- _What to produce_
Transcribe, exactly and without pictures, the lines below from the line with "外研社杯赛事历史悠久,立足英" to the line with "- Tailieugiaovien.com.vn giới", both ends included, and no others.

- _Materials provided_
◆ ◆ ◆

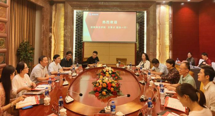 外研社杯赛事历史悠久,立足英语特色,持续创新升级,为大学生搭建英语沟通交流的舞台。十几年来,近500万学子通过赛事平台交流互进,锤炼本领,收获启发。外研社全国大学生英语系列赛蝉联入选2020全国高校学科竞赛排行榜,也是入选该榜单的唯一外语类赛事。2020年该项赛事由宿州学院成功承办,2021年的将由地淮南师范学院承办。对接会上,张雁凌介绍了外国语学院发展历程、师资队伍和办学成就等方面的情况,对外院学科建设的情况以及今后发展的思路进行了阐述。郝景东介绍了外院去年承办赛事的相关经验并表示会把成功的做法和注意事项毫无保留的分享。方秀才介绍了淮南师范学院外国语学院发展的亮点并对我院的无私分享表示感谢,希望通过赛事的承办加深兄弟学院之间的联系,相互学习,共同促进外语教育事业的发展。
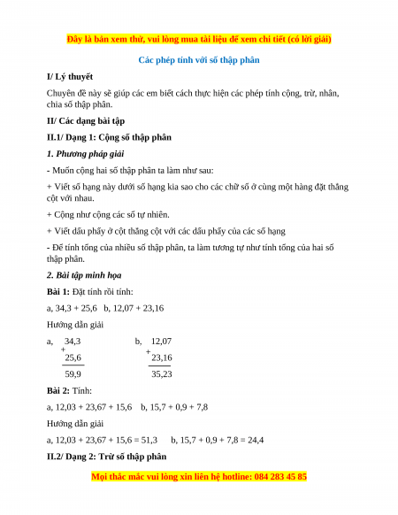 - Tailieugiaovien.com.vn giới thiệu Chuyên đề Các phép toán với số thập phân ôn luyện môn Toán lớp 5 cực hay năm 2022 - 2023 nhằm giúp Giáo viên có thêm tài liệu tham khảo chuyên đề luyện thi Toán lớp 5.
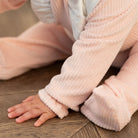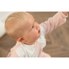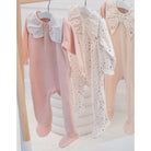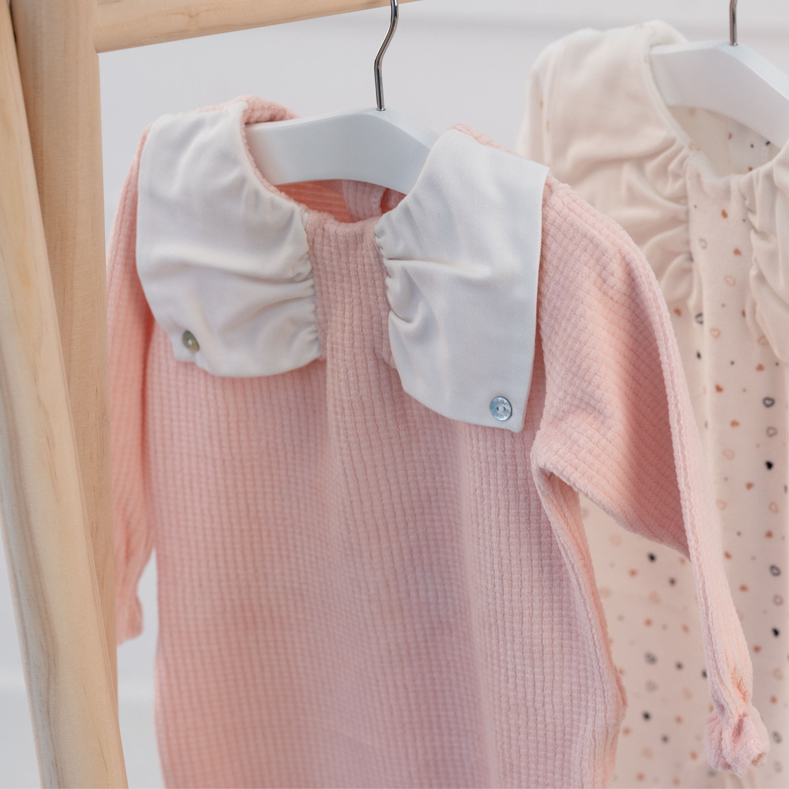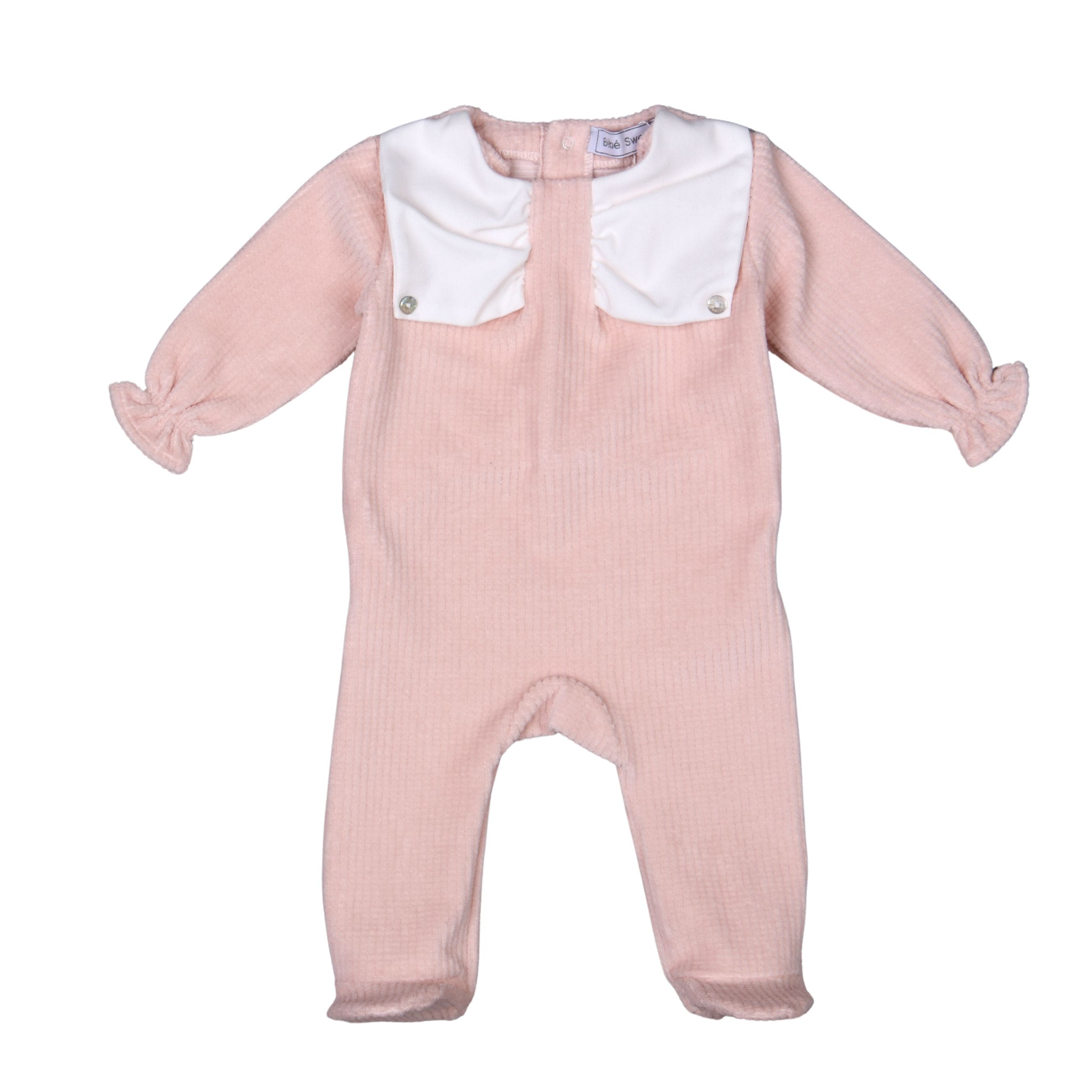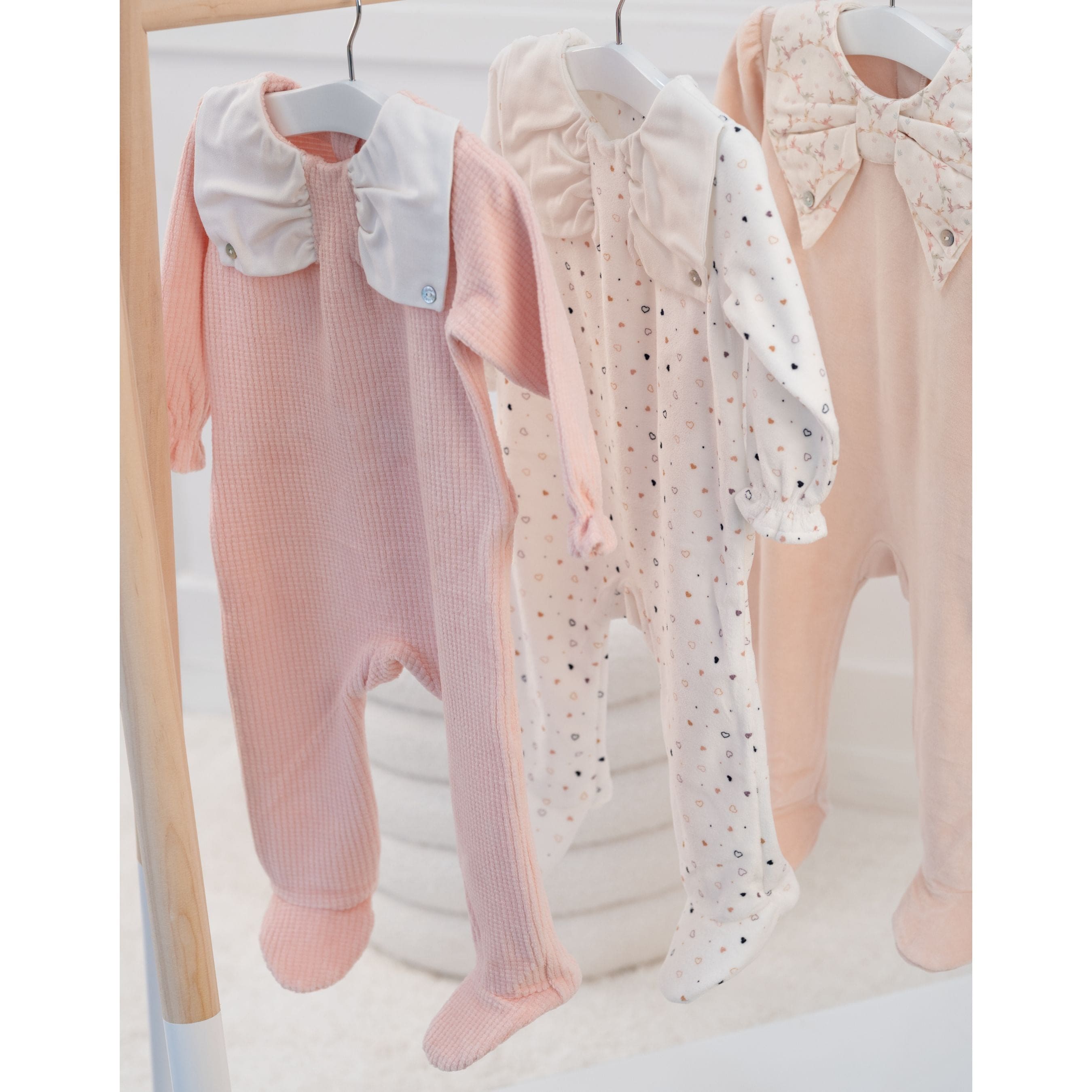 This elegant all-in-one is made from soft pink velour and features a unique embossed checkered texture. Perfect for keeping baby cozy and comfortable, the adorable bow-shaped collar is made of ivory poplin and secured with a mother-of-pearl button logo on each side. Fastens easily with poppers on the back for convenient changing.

◆ ◆ ◆

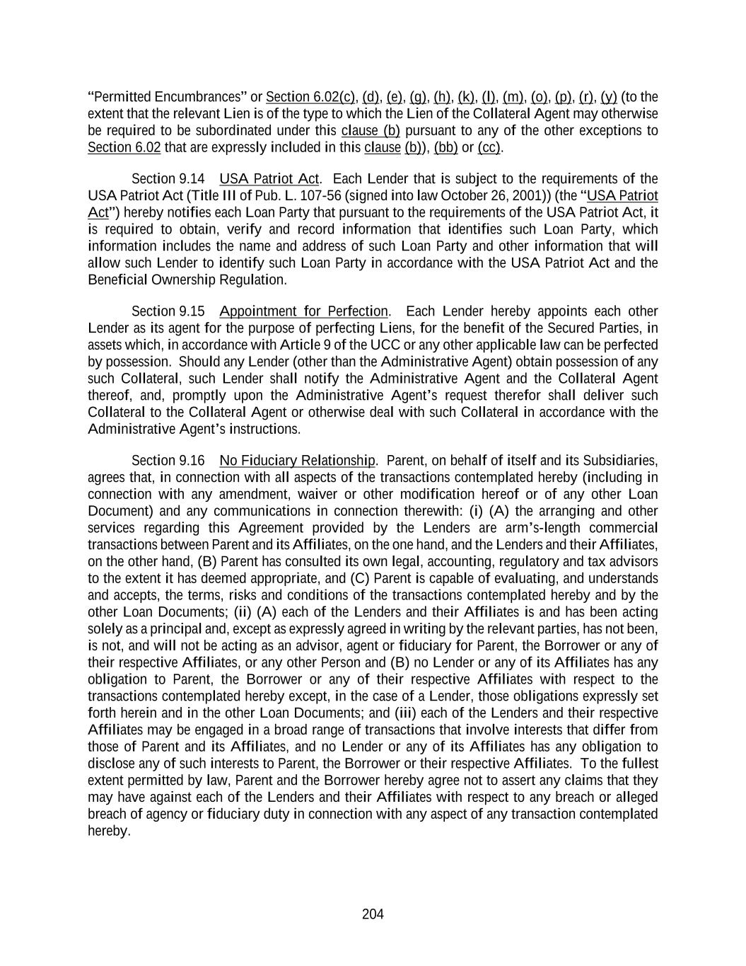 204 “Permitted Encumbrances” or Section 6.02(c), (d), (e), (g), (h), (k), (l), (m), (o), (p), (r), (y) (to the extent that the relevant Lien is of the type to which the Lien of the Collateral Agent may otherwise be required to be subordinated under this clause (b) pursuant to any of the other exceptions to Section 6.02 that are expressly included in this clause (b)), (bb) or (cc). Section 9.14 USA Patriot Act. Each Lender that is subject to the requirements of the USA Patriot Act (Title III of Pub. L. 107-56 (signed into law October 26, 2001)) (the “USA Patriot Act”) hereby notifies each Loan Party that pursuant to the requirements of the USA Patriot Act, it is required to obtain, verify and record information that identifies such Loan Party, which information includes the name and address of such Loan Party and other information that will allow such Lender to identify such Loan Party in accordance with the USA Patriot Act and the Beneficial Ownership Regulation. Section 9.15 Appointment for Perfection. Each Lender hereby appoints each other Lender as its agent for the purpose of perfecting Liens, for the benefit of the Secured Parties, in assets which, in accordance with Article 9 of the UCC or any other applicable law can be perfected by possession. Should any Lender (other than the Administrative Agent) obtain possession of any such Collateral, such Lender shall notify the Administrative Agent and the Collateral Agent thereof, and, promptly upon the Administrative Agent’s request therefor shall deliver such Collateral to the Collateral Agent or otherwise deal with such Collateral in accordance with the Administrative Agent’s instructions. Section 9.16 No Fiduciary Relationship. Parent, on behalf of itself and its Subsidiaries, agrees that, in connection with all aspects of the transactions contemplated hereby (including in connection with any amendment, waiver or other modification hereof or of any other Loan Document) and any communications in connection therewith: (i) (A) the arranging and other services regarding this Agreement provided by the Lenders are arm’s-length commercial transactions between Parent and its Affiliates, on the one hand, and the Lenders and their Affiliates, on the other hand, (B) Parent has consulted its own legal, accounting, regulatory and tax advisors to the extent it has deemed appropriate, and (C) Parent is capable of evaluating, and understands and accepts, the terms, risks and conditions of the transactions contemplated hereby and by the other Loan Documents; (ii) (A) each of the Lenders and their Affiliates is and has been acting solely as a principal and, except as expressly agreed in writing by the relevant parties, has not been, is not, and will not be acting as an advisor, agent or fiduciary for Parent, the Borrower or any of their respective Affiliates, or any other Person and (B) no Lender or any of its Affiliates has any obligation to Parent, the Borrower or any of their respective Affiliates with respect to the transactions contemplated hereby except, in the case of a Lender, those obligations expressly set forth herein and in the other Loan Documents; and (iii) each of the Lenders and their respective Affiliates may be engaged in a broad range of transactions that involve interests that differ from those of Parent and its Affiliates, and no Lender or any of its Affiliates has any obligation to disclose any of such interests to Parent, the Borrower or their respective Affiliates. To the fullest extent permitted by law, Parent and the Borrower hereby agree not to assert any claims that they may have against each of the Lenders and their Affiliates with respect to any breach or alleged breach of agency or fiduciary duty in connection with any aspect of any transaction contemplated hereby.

◆ ◆ ◆

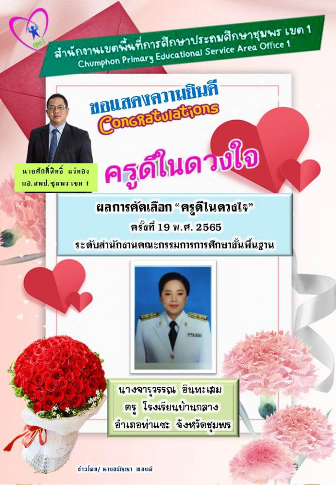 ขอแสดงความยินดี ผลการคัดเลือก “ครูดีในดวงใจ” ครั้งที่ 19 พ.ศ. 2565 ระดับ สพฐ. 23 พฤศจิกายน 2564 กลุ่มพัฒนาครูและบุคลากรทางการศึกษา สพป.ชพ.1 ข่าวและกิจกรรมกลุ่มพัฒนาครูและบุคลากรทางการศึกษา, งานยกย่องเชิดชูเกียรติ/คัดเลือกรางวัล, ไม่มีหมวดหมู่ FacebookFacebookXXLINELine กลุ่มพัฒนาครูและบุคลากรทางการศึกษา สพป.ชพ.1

◆ ◆ ◆

- _Answer space_
 外研社杯赛事历史悠久,立足英语特色,持续创新升级,为大学生搭建英语沟通交流的舞台。十几年来,近500万学子通过赛事平台交流互进,锤炼本领,收获启发。外研社全国大学生英语系列赛蝉联入选2020全国高校学科竞赛排行榜,也是入选该榜单的唯一外语类赛事。2020年该项赛事由宿州学院成功承办,2021年的将由地淮南师范学院承办。对接会上,张雁凌介绍了外国语学院发展历程、师资队伍和办学成就等方面的情况,对外院学科建设的情况以及今后发展的思路进行了阐述。郝景东介绍了外院去年承办赛事的相关经验并表示会把成功的做法和注意事项毫无保留的分享。方秀才介绍了淮南师范学院外国语学院发展的亮点并对我院的无私分享表示感谢,希望通过赛事的承办加深兄弟学院之间的联系,相互学习,共同促进外语教育事业的发展。
 - Tailieugiaovien.com.vn giới thiệu Chuyên đề Các phép toán với số thập phân ôn luyện môn Toán lớp 5 cực hay năm 2022 - 2023 nhằm giúp Giáo viên có thêm tài liệu tham khảo chuyên đề luyện thi Toán lớp 5.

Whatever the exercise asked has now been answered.